══ Available records ══

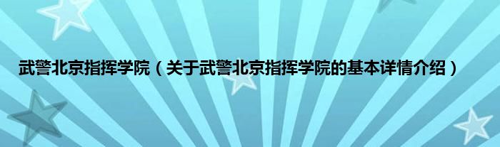 本文关于武警北京指挥学院的基本详情介绍就讲解完毕,希望对大家有所帮助。
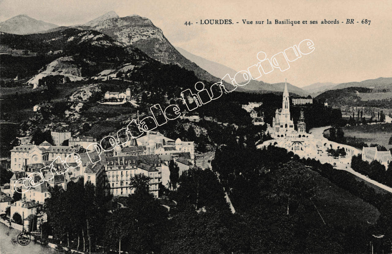 Cette carte postale ancienne offre une vue remarquable sur la Basilique de Lourdes et ses alentours en 1916. Elle témoigne de l’importance spirituelle et architecturale du site au début du XXᵉ siècle, en pleine période de la Première Guerre mondiale.
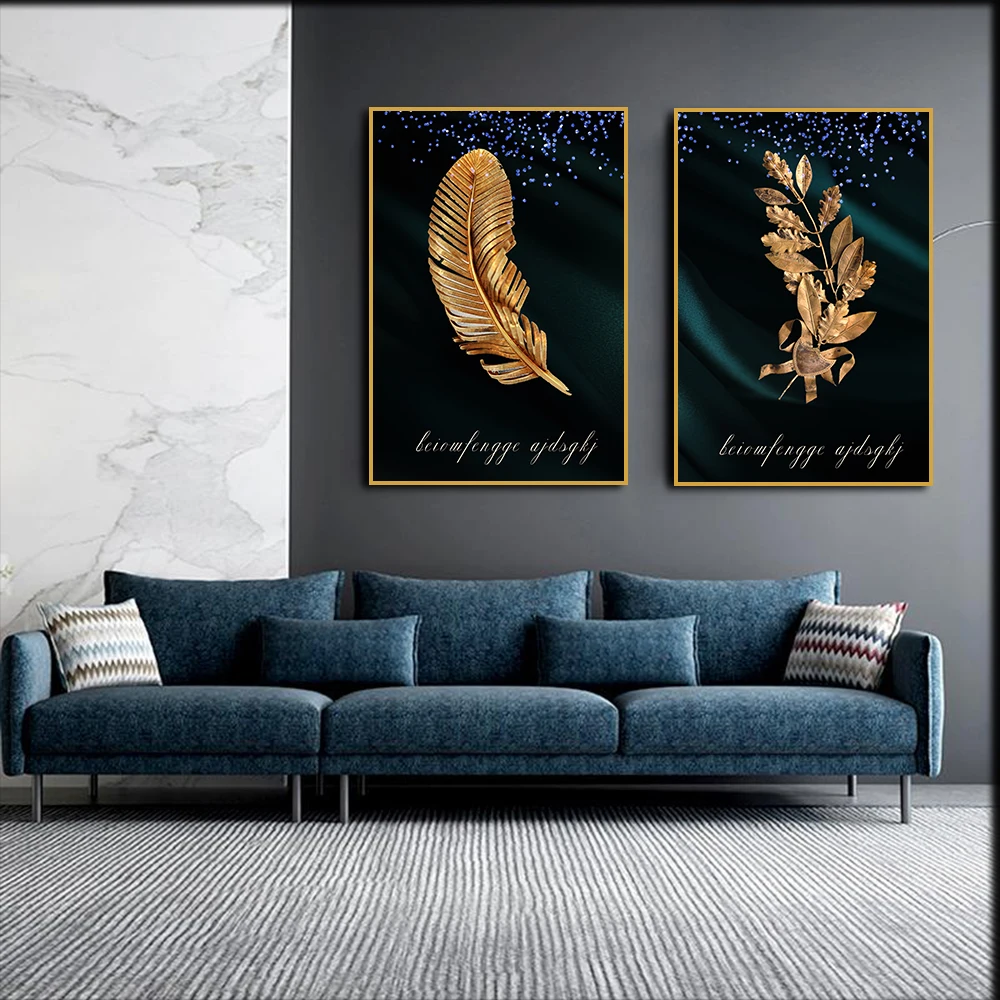 Настенное искусство абстрактная картина с изображением золотых растений листьев современный стиль холст печать художественный постер для гостиной уникальное украшение
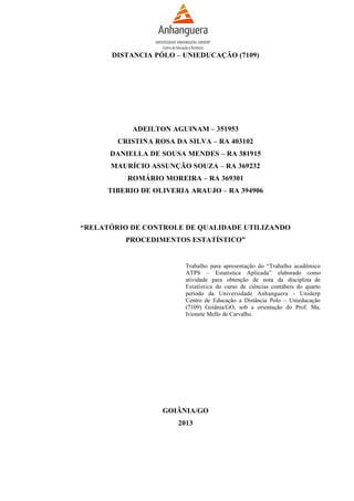 Este relatório apresenta os resultados de uma pesquisa de qualidade de controle realizada em um supermercado. Foram pesados 100 pacotes de três marcas de café e registrados os pesos. Os dados coletados serão analisados estatisticamente para avaliar a consistência dos pesos dos pacotes e identificar possíveis problemas no processo de embalagem.
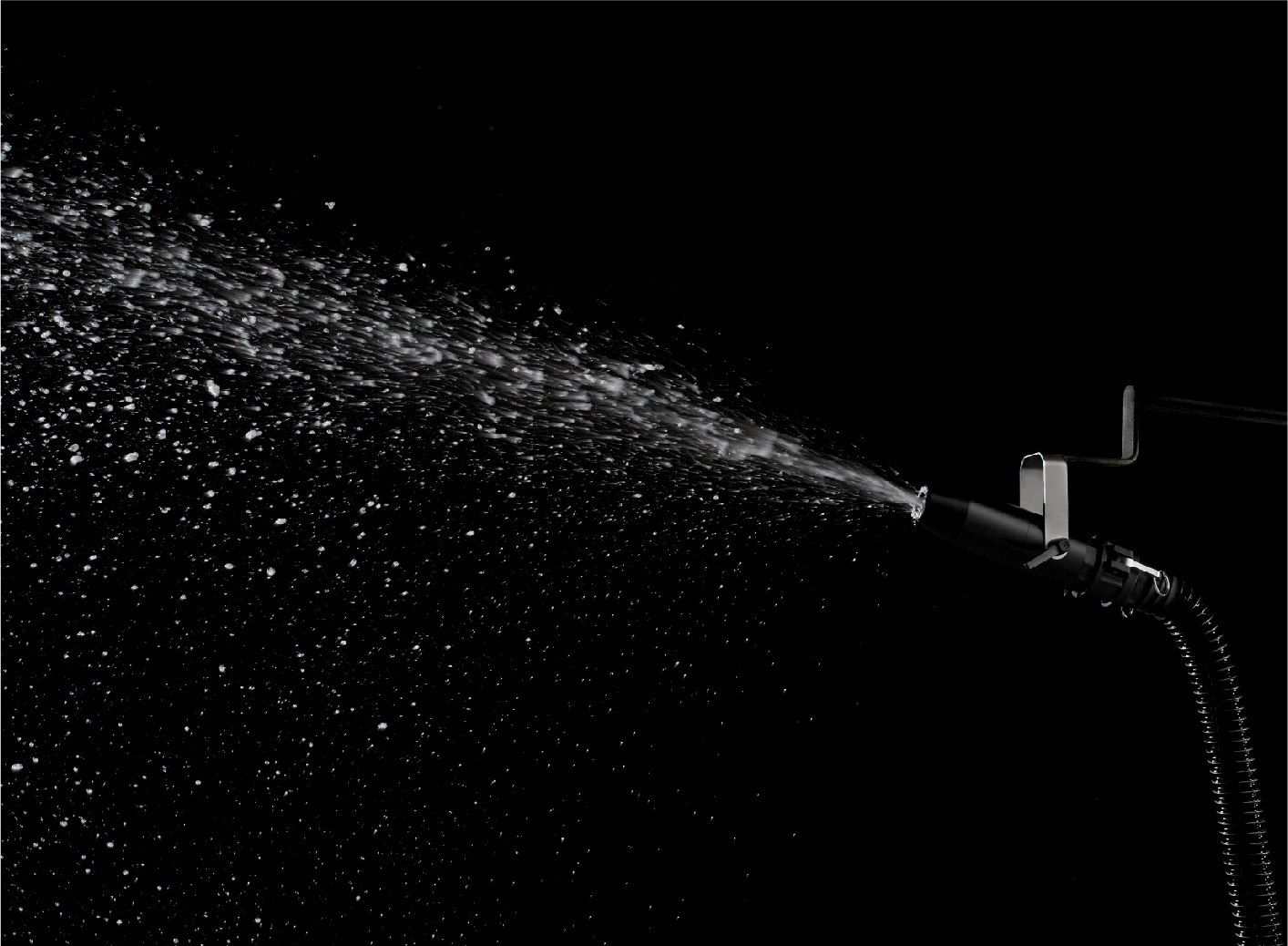 The nozzle is connected by a 10-Meter long hose and it can be easily rigged on a standard truss or tripod stand. Air and snow fluids are delivered to nozzle via the 10-Meter hose. Users can adjust the air volume and fluid flow rate to get the right snow effects needed, from fine snow to blizzards.
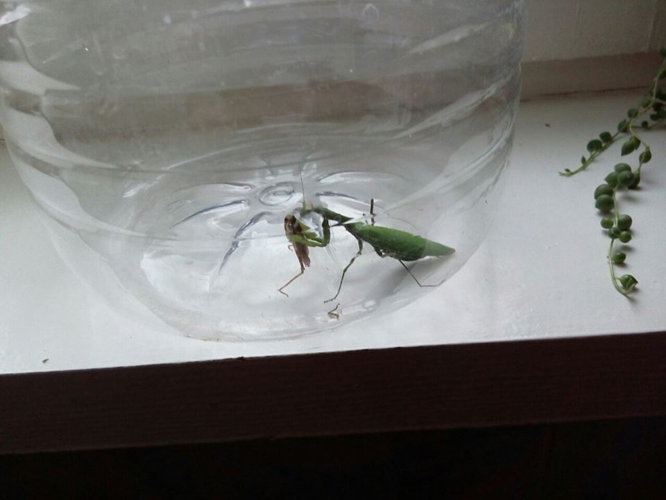 Сын поймал богомола! :sh_ok: Вопрос- теперь эти животные живут у нас? Артем его кормит второй день кузнечиками, думаю ему хорошо в неволе.
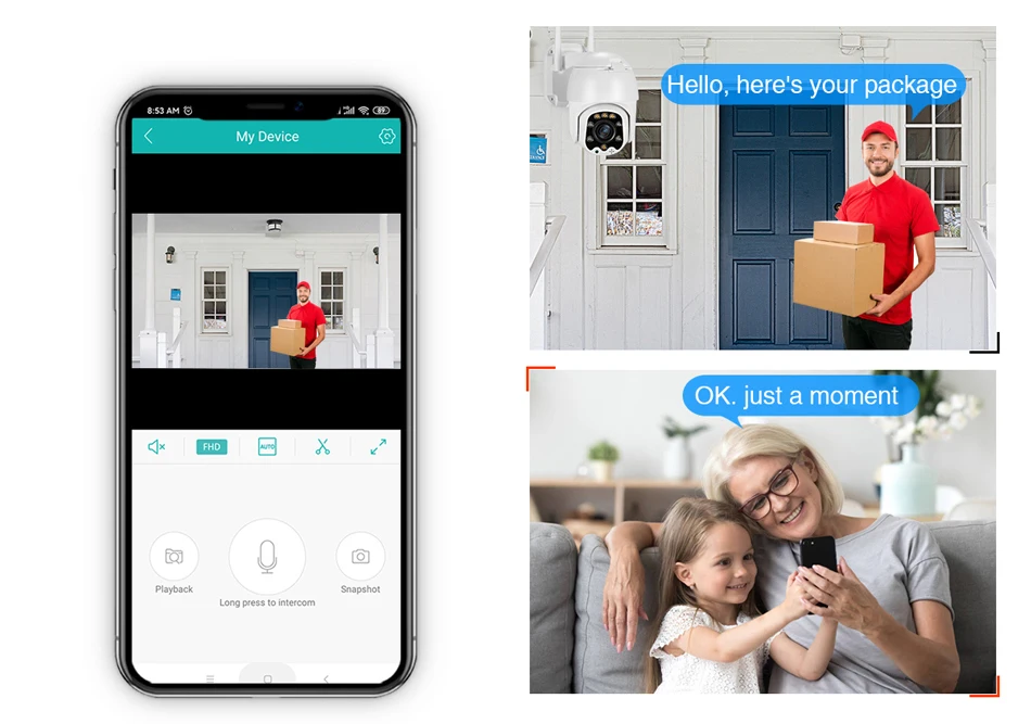 Камера подключена к микрофону и динамику, вы можете общаться со всеми через ваш смартфон удаленно, когда захотите.
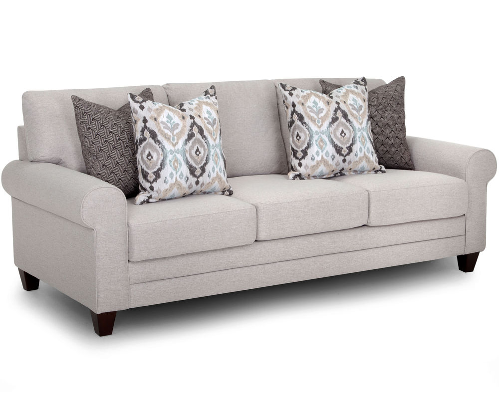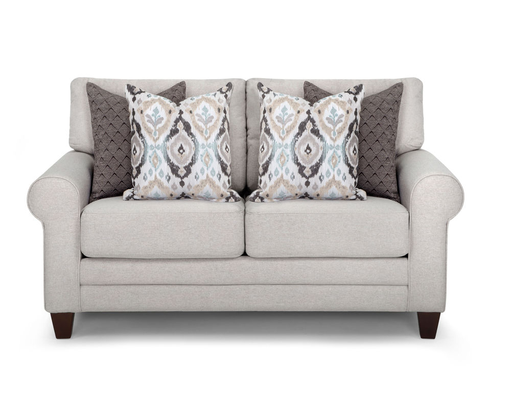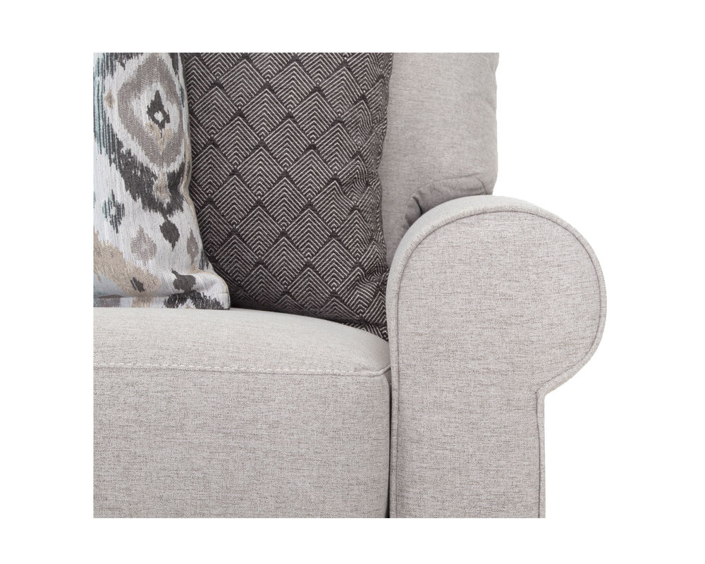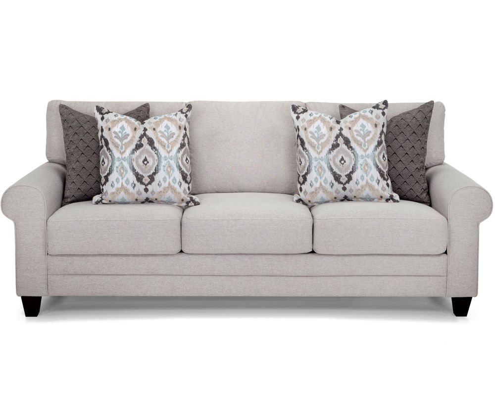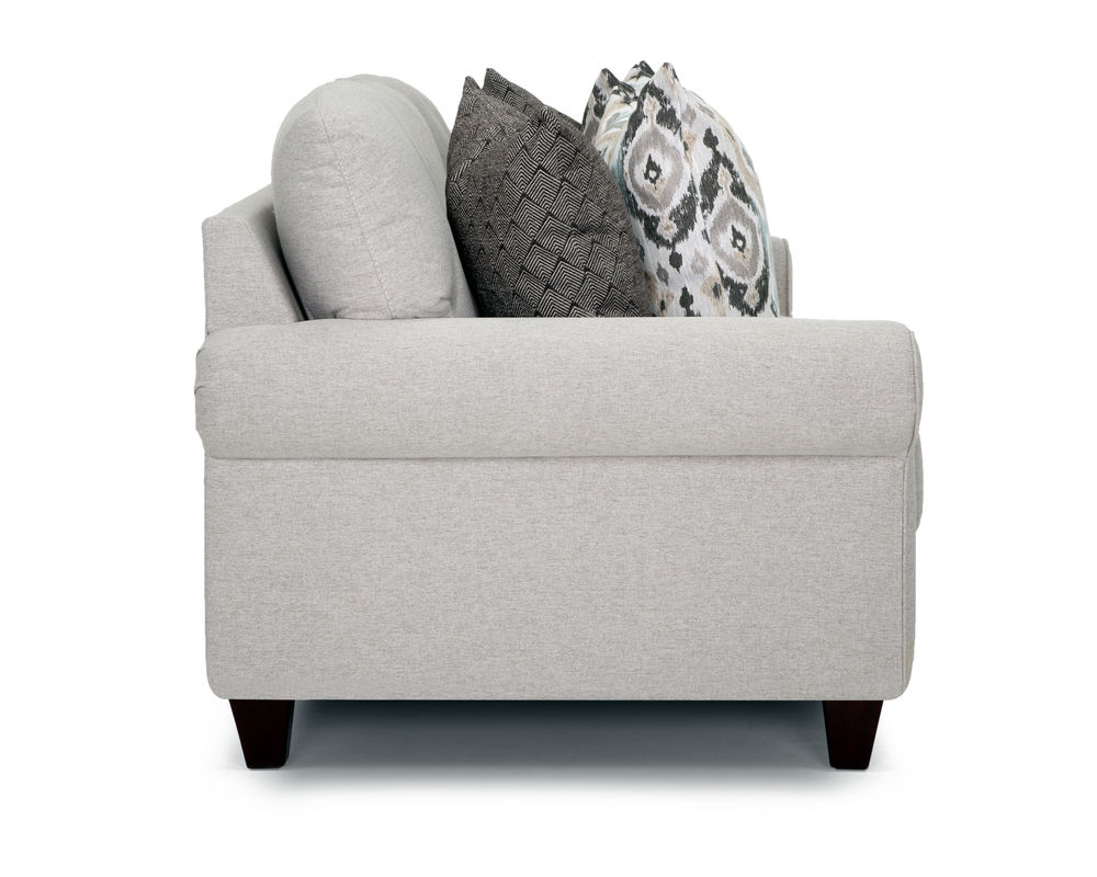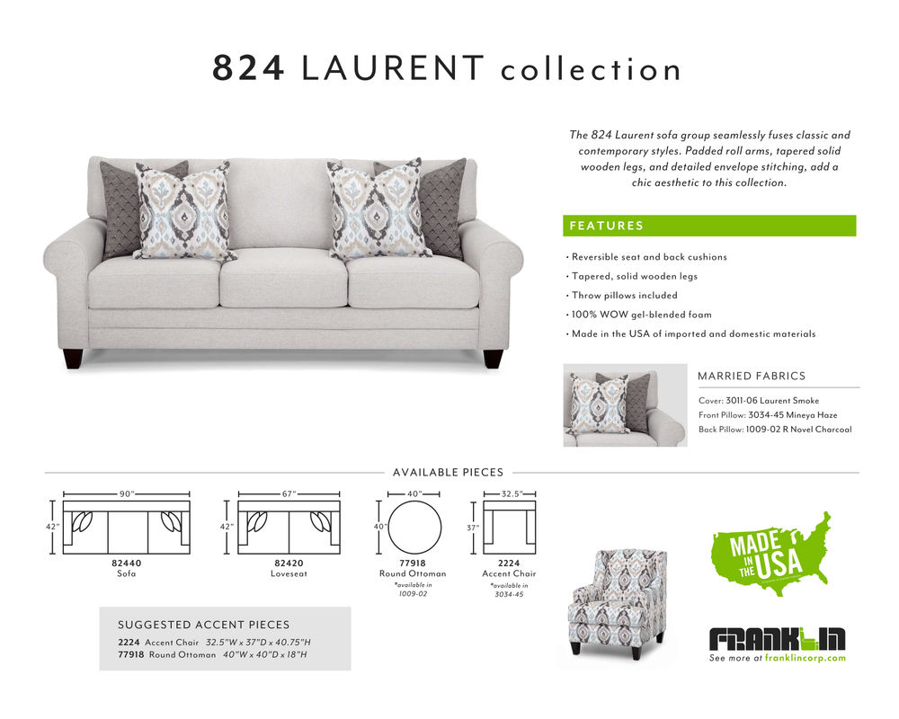 Introducing the perfect combination of classic and contemporary design - the Laurent 824 Sofa. This stunning piece features padded roll arms, tapered wooden legs, and exquisite envelope stitching that adds a touch of sophistication to any living space. The Laurent collection also includes an accent chair in Mineya Haze, a gorgeous pattern in muted shades of teal, tan, cream, and black, as well as a round ottoman in Novel Charcoal, a mesmerizing diamond pattern in black and cream. With its chic aesthetic and high-quality construction, the Laurent 824 Sofa will surely be a standout piece in any home. Whether entertaining guests or relaxing after a long day, this sofa offers style and comfort. Upgrade your living room with the elegant and timeless Laurent 824 Sofa.

═══

**What is required**
Return all the material exactly, skipping pictures.

**Answer box**
 本文关于武警北京指挥学院的基本详情介绍就讲解完毕,希望对大家有所帮助。
 Cette carte postale ancienne offre une vue remarquable sur la Basilique de Lourdes et ses alentours en 1916. Elle témoigne de l’importance spirituelle et architecturale du site au début du XXᵉ siècle, en pleine période de la Première Guerre mondiale.
 Настенное искусство абстрактная картина с изображением золотых растений листьев современный стиль холст печать художественный постер для гостиной уникальное украшение
 Este relatório apresenta os resultados de uma pesquisa de qualidade de controle realizada em um supermercado. Foram pesados 100 pacotes de três marcas de café e registrados os pesos. Os dados coletados serão analisados estatisticamente para avaliar a consistência dos pesos dos pacotes e identificar possíveis problemas no processo de embalagem.
 The nozzle is connected by a 10-Meter long hose and it can be easily rigged on a standard truss or tripod stand. Air and snow fluids are delivered to nozzle via the 10-Meter hose. Users can adjust the air volume and fluid flow rate to get the right snow effects needed, from fine snow to blizzards.
 Сын поймал богомола! :sh_ok: Вопрос- теперь эти животные живут у нас? Артем его кормит второй день кузнечиками, думаю ему хорошо в неволе.
 Камера подключена к микрофону и динамику, вы можете общаться со всеми через ваш смартфон удаленно, когда захотите.
 Introducing the perfect combination of classic and contemporary design - the Laurent 824 Sofa. This stunning piece features padded roll arms, tapered wooden legs, and exquisite envelope stitching that adds a touch of sophistication to any living space. The Laurent collection also includes an accent chair in Mineya Haze, a gorgeous pattern in muted shades of teal, tan, cream, and black, as well as a round ottoman in Novel Charcoal, a mesmerizing diamond pattern in black and cream. With its chic aesthetic and high-quality construction, the Laurent 824 Sofa will surely be a standout piece in any home. Whether entertaining guests or relaxing after a long day, this sofa offers style and comfort. Upgrade your living room with the elegant and timeless Laurent 824 Sofa.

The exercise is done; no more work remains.